Arménio Vieira manifestou também a esperança de que a sua obra passe a ser estudada em Cabo Verde e em outros países.O Prêmio Camões, criado em 1988 pelos governos português e brasileiro, distingue todos os anos escritores dos países lusófonos.
António Lobo Antunes (Portugal), João Ubaldo Ribeiro (Brasil), José Luandino Vieira (Angola) e Mia Couto (Moçambique) são alguns dos mais recentes distinguidos com o galardão.
Arménio Vieira, o primeiro cabo-verdiano a receber o Prémio Camões, nasceu na cidade da Praia, na Ilha de Santiago, a 24 de Janeiro de 1941. É escritor e jornalista (foi redator do jornal Voz di Povo), tendo publicado textos no “Boletim de Cabo Verde”, na revista portuguesa “Vértice”, “Raízes”, “Ponto & Vírgula”, “Fragmentos”, “Seló” e “Sopinha de Alfabeto”. Tem publicados quatro livros – Poemas e Mitografias (poesia) e O Eleito do Sol e No Inferno (romance) – e foi premiado em Cabo Verde em várias ocasiões, inclusive pela Associação de Escritores Cabo-verdianos.
Para Fátima Fernandes, docente de Estudos Cabo-verdianos e Portugueses da Uni-CV e investigadora de literatura cabo-verdiana, "a obra de Arménio Vieira, pela diversidade em que ela se desdobra e pela complexidade com que se permite o questionar da colocação do homem no espaço universal, bem como pela representação estética que delineou o emergir de uma Literatura nova, pujante e inquiridora, representa, desde as suas primeiras manifestações, a consolidação do processo de afirmação estética e identitária cabo-verdiana".
A Universidade de Cabo Verde pretende nos próximos tempos homenagear numa cerimônia simbólica o escritor laureado, que já manifestou a sua disponibilidade para participar do ato.
BIBLIOGRAFIA:
1981 - Poemas - África Editora - Colecção Cântico Geral. - Lisboa.
1990 - O Eleito do Sol - Edição Sonacor EP - Grafedito - Praia.
1998 - Poemas (reedição) - Ilhéu Editora - Mindelo.
1999 - No Inferno - Centro Cultural Português - Praia e Mindelo.
2006 - MITOgrafias - Ilhéu Editora - Mindelo.
Todas as pinturas que ilustram os poemas são de Abraão Vicente, artista cabo-verdiano.
POEMAS
POEMA
Mar!
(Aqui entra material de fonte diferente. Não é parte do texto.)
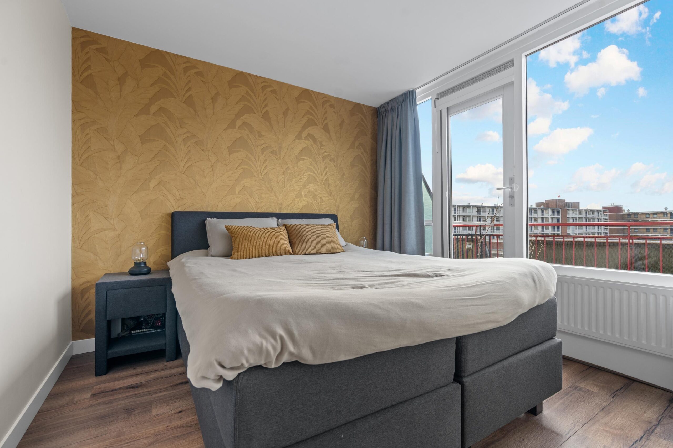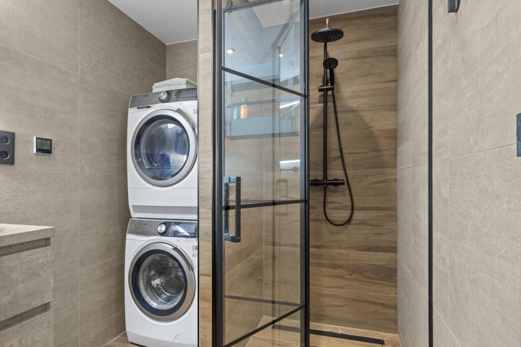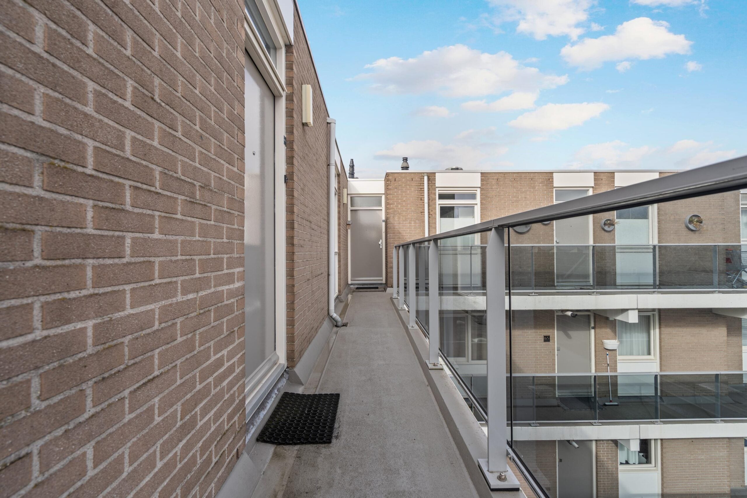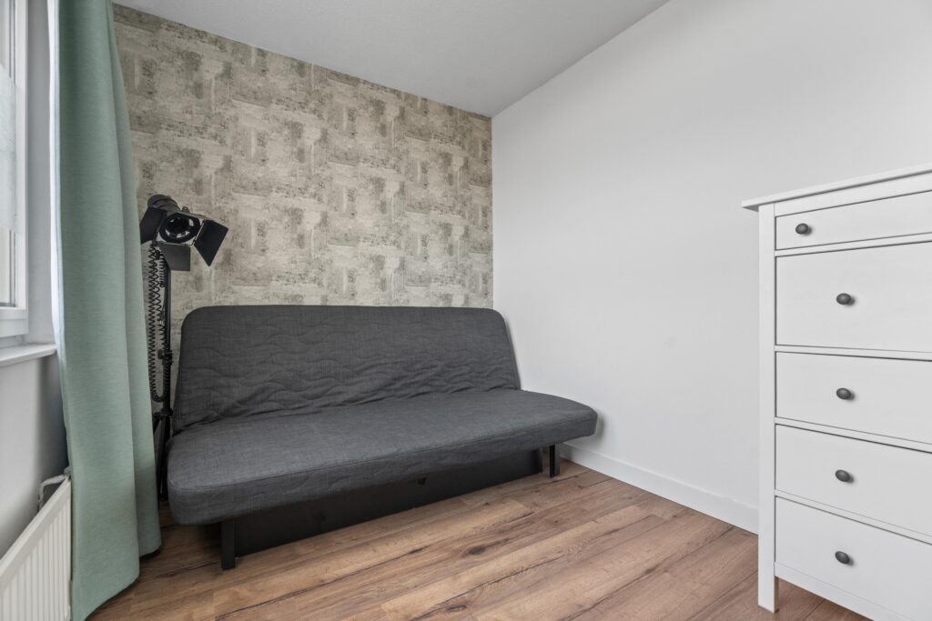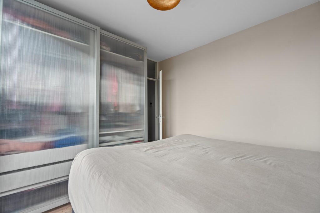 Kom binnen in de centrale hal met bellentableau en brievenbus. Stap in de lift naar de 4e etage en treed binnen op nummer 97. Bij binnenkomst treffen we direct de vernieuwde meterkast (2025). Ook heb je toegang tot de 2 slaapkamers waarvan de master bedroom toegang geeft tot een gedeelte van het zonneterras. De sfeervolle badkamer (2021) is van alle gemakken voorzien met dubbele wastafelmeubel, douche en wasmachine aansluiting. Het separate toilet is in dezelfde stijl en sfeer als de badkamer vervangen.

Mar!
Mar! Mar!
Não o mar azul
De caravaelas ao largo
E marinheiros valentes
Não o mar de todos os ruídos
De ondas
Que estalam na praia
Não o mar salgado
Dos pássaros marinhos
De conchas
Areia
E algas do mar
Mar!
Raiva – angústia
De revolta contida
Mar!
Do não-repartido
E do sonho afrontado
Mar!
Quem sentiu mar?
LISBOA - 1971
A Ovídio Martins e Osvaldo Osório
.
Em verdade Lisboa não estava ali para nos saudar.
Eis-nos enfim transidos e quase perdidos
no meio de guardas e aviões da Portela.
Em verdade éramos o gado mais pobre
d'África trazido àquele lugar
e como folhas varridas pela vassoura do vento
nossos paramentos de presunção e de casta.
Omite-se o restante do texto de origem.